2.2. Composition of DETIRE

DETIRE utilizes a two-stage strategy for virus prediction, including GCN-based sequence embedding and deep learning-based sequence classification (Figure 1). Before embedding, every 3-mer fragment is generated by a three-base sliding window moving from the head to the tail of the sequence with a stride of one. For example, the original nucleotide sequence “ATTGCCTGACAT” will be cut into “ATT, TTG, TGC, GCC, CCT, CTG, TGA, GAC, ACA, and CAT.”

FIGURE 1

Figure 1. The workflow of DETIRE. DETIRE contains a GCN-based sequence embedding model and a deep learning-based method to learn features of viral sequences automatically and identify them directly from metagenomes. First, the graph neural network learns the high-level representations of 3-mer fragments in each sequence through supervised back propagation. Then, DETIRE extracts the features of spatial characteristics and sequential characteristics by designing the CNN model and LSTM model, respectively. Finally, the learned features are combined together to make the final decision by several dense layers and a softmax layer.

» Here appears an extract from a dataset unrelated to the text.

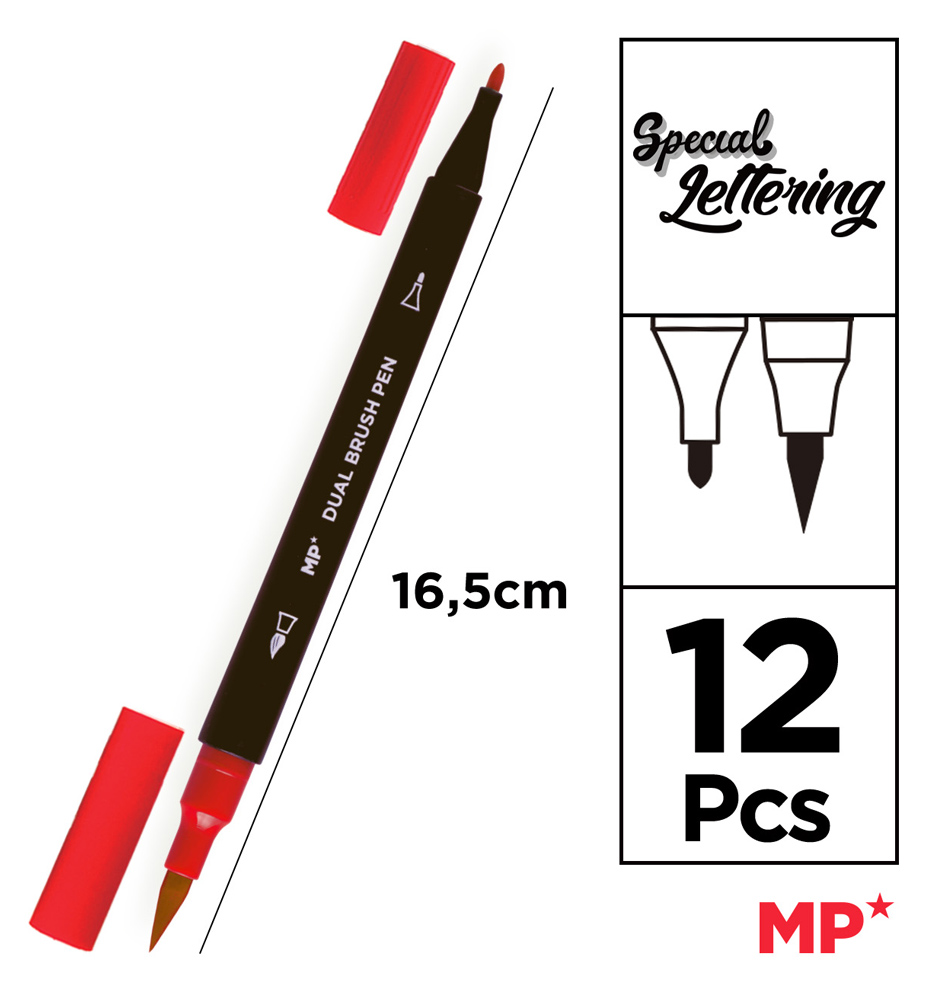 MP σετ χρωματιστών μαρκαδόρων PP913 με διπλή μύτη, 12τμχ

In the process of sequence embedding, TextGCN (Yao et al., 2019) is utilized to learn the meaningful high-level representations of all 3-mer fragments from every nucleotide sequence. First, a heterogeneous graph containing 3-mer fragment nodes is built in order to model global co-occurrence between these 3-mer fragments explicitly. Then, the built graph is fed into a simple two-layer GCN (Kipf and Welling, 2016). The first layer constructs the nodes and edges. Every nucleotide sequence in the GCN training dataset and all unique 3-mer fragments from it are constructed to their single nodes. There are no edges between each nucleotide sequence. Edges are built between 3-mer fragments and their original sequences. All 64 3-mer fragments have an edge between each of them (Figure 2). The weight of the edge between a sequence node and a 3-mer fragment node is determined by the term frequency-inverse document frequency (TF-IDF; Liang and Chengsheng, 2008) of the fragment in the sequence, where term frequency is the frequency of the 3-mer fragment appears in the sequence and inverse document frequency is the logarithmically scaled inverse fraction of the number of sequences that contain the 3-mer fragment. Point-wise mutual information (PMI; Church and Hanks, 1989), a popular measure for word associations, is employed to calculate weights between two fragment nodes. The second layer learns the fragment and sequence embeddings in each node. Finally, these nodes are fed into a softmax classifier, after which the cross-entropy error over all labeled sequences is defined as the cost function (Li et al., 2018). After 1,000 epochs of backpropagation by the Adam optimization algorithm (Kingma and Ba, 2015) with a learning rate of 0.015 and a dropout rate of 0.5, the 30-dimension representations of all 3-mer fragments in the second layer of the GCN are embedded into the sequences in the training and testing datasets.

FIGURE 2

Figure 2. The structure of the GCN-based embedding model. Every nucleotide sequence in the GCN-training dataset and all unique 3-mer fragments from it are constructed to their single nodes. There are no edges between each nucleotide sequence. Edges are built between 3-mer fragments and their original sequences. All 64 3-mer fragments have an edge between each of them. After the training strategy, the vectors from the codon nodes in the second GCN layer are combined into an embedding matrix.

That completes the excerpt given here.